Is there a critical mass for loyalty?

Marketing Team
Marketing Team
12 Feb 2019

Is there a critical mass for loyalty

Is there a critical mass for loyalty in the same way there is for other behaviour? Is there an optimum number of times a member has to do something before we count them as loyal? Malcolm Gladwell believes there is and explains in his book, Outliers, that to master a subject or skill, we need to spend at least 10,000 hours engaged with it. It worked for the Beatles and Bill Gates – why not loyalty, too?

Here the consideration is not just ‘a bit loyal’, but what moves the individual into decision-making based on passion, rather than routine, or even burden? A purchase is the desired ultimate behaviour in any loyalty marketing. However, loyalty marketers also know that the success and widespread use of social media demonstrates that there are more actions than just purchasing that tie a customer to a brand. Loyalty is measured more effectively by considering the combination of varied levels of active engagement. These key metrics are based on a combination of what a business thinks is important, such as KPIs, and, most importantly, what a member thinks is important.

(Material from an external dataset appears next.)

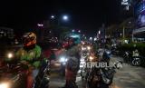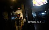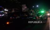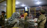 REPUBLIKA.CO.ID, DEPOK -- Anggota Sat Pol PP kota Depok menyosialisasi pemberlakuan Pembatasan Aktivitas Warga (PAW) di Kawasan Jalan Margonnda, Depok , Senin (31/8).
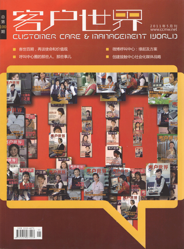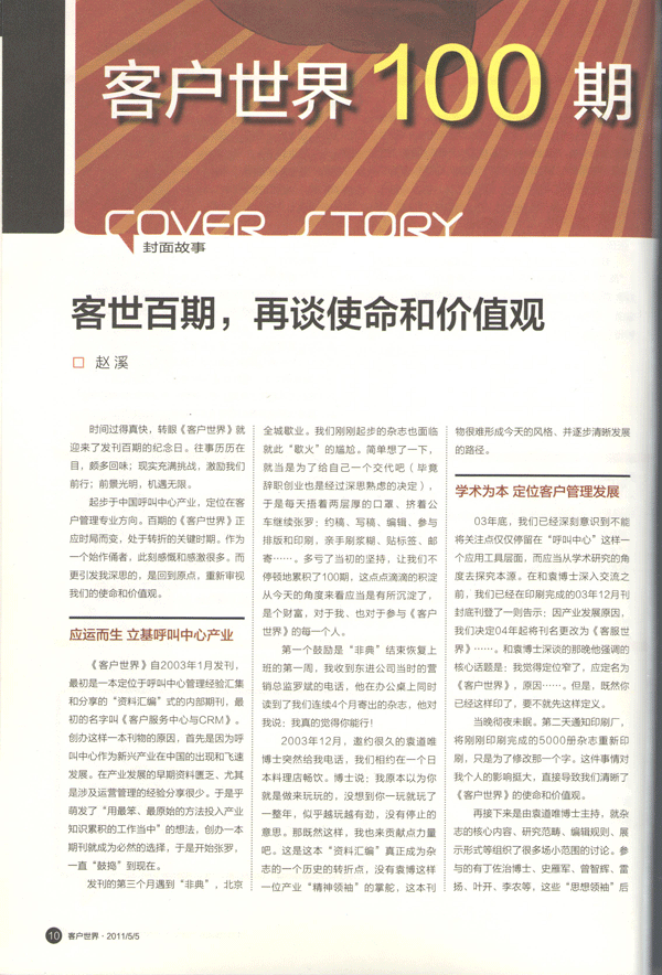 2011年5月,《客户世界》杂志出满100期。这是一个值得庆贺的里程碑!在这样一个时间点,客户世界机构的创始人赵溪先生专门撰文《客世百期,再谈使命和价值观》,文章冷静内敛、审时度势、高屋建瓴,受到了业界一致好评。

As much as the frequency of purchase, financial value and product determine the breadth and depth of a customer’s loyalty, so does how much they engage with anything about your brand, and the range of what they participate in. A common proxy for this is to use email open and click-through rates. But really, can you measure levels of loyalty by whether someone is willing to have an idle look at what is being sent to them whilst waiting for a bus? It’s hardly the mark of a die-hard loyalist. I have a friend who has every single colour of the same jumper ever made by a particular high-end sportswear brand. Now that’s the sort of loyalty I mean.

The way to understand the latent features of connected, emotional loyalty is to ask your most loyal customers. By establishing weighted engagement metrics and developing a synthesised engagement score, creating dynamic and personalised loyalty comms and measuring their success is much easier. This is something closer to identifying and developing a critical mass of loyalty. Passionate, unconditional loyalty is not about casually opening an email. It is true ambassadorship, where your brand is an essential feature of the way customers live their lives.